Burned Track is a German crime film by Heinz Seibert from 1972. The television film was released as the fourth episode of the Polizeiruf 110 film series .

action

In the house of Medical Council Dr. Loewen is on fire. Neighbor Exner wants to put out the fire when the apartment door is broken open from the inside and a man in a leather suit runs past him and flees. A little later, Lieutenant Peter Fuchs and Lieutenant Vera Arndt appear, who start the investigation. The Loewen couple are on vacation abroad, their daughter Ulrike is also on vacation 150 kilometers away with her wealthy friend Achim.

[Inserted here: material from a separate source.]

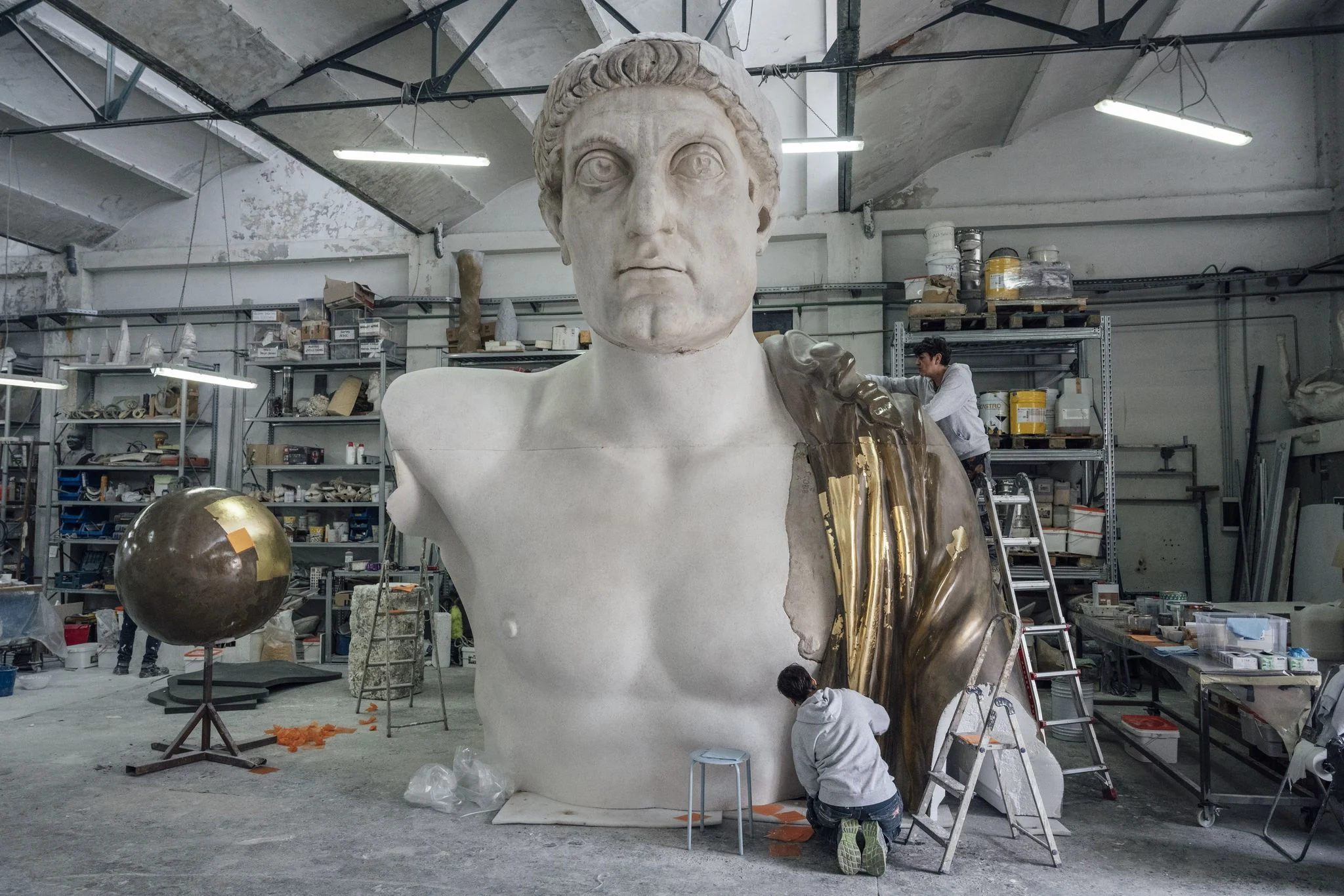 Din aceasta perspectiva, nu putem decat sa salutam cu placere initiativa Muzeelor Capitoline de a plasa o reproducere contemporana a acrolitului lui Constantin , ale carei piese originale sunt in prezent aranjate ieratic in interiorul curtii Palazzo dei Conservatori la acelasi muzeu. Statuia era imensa si se afla chiar in spatele Templului Pacii sau Forumul lui Vespasian, in absida asa-numitei Bazilici a lui Maxentius, care domina Forumul Roman. Bazilica, construita initial de Maxentius, a fost apoi rededicata lui Constantin in urma bataliei de la Podul Milvian din 312. In mod potrivit, imparatul favorit al crestinilor a vrut sa se portretizeze in statuia colosala a cladirii. Dimensiunile erau impresionante: peste unsprezece metri inaltime in total. Piciorul masura doi metri, iar capul chiar doi metri si saizeci de centimetri. Pentru expozitia curatoriata de Salvatore Settis, Anna Anguissola si Denise La Monica la Fundatia Prada in 2022, Recycling Beauty , statuia a fost amplasata in interiorul spatiului Cisterna: dimensiunea gigantica a imparatului a fost de asa natura incat, asemenea unei versiuni moderne a lui Zeus. din Olympia de catre Fidias, era inevitabil sa ne gandim ca statuia ar fi smuls acoperisul cladirii daca ar fi decis sa se ridice. Reconstructia, realizata cu contributia Fondazione Prada si a Muzeelor Capitoline sub supravegherea riguroasa a lui Claudio Parisi Presicce, este opera companiei Factum Foundation for Digital Technology in Preservation , o fundatie non-profit creata de artistul britanic Adam Lowe. .

The fire was started and raged mainly on the ground floor. A collection of graphics in a closet appears to have burned. The investigators suspect Hanno Hecht, the ex-boyfriend of Ulrike, who had to part with him at her mother's insistence, soon in the fugitive man. Hanno drives a motorcycle, his driving gear is found in the garbage with burn holes. He is arrested but collapses during interrogation and is hospitalized with blood poisoning from cuts.

Investigators soon had doubts. Apparently the house was entered through the bathroom window that was smashed. However, there are no signs of entry. It also seems unlikely that a burglar will not take the same route to get out, but instead enter a locked door. This seems more like a panic reaction. In the hospital, Hanno testifies that Ulrike wrote him a letter in which, as before, she asked him to come secretly through the back door at night. This is not locked. He actually came into the house that evening when it suddenly caught fire. The back door was now locked so that he pushed open the front door from the inside. However, he no longer has the letter.

When parts of the supposedly burned graphic collection appear in Berlin, the police are puzzled. You now suspect Dr. Loewen of insurance fraud, but who is too absorbed in his work to really want to comment on the allegations.

Suddenly Hanno disappears from the hospital. He drives to Thuringia, where Ulrike and Achim have been on vacation, covered by a work colleague, and investigates on site. He finds out that you could hitchhike from the hotel to Loewen's apartment and back in one evening. Peter Fuchs learns that a milk truck took Achim out of the hotel that evening. Achim, in turn, insisted on a single room in the hotel and claimed in front of Ulrike that he had taken sleeping pills. Achim is arrested as the perpetrator. He has changed his lifestyle by selling stolen paintings from Dr. Loewen's collection financed. In order to cover his trail, he burned down the house and lured Hanno into the house with an old love letter from Ulrike in order to suspect him.

production

Burned Track was filmed from December 6, 1971 to January 25, 1972 under the working title Brandnacht, among others in Potsdam. The film had its television premiere on February 27, 1972 on DFF 1 . The costumes of the film created Ruth Karge , the Filmbauten submitted by Klaus Poppitz .

It was the fourth episode in the Polizeiruf 110 film series . First Lieutenant Peter Fuchs and Lieutenant Vera Arndt investigated their fourth joint case. It was the first film in which both of them spoke on two terms and addressed each other by first name. In addition, the film had numerous humorous moments, for example screenwriter Lucke wrote a “strange charge ” for himself as the doorman of the Thuringian hotel in the script. His dialogue with Lieutenant Peter Fuchs had the qualities of a cabaret act, wrote the criticism and summarized: “Within six months, those responsible for the 'police call' had learned that the case must not only be exciting, but that the people around it must also be entertaining To captivate the audience. "

literature

  • Peter Hoff: Police call 110. Films, facts, cases. Das Neue Berlin, Berlin 2001, ISBN 3-360-00958-4 , pp. 39–42.

Web links

Individual evidence

  1. ' at polizeiruf110-lexikon.de, accessed on January 4, 2016.
  2. ^ Peter Hoff: Police call 110. Films, facts, cases . Das Neue Berlin, Berlin 2001, pp. 41–42.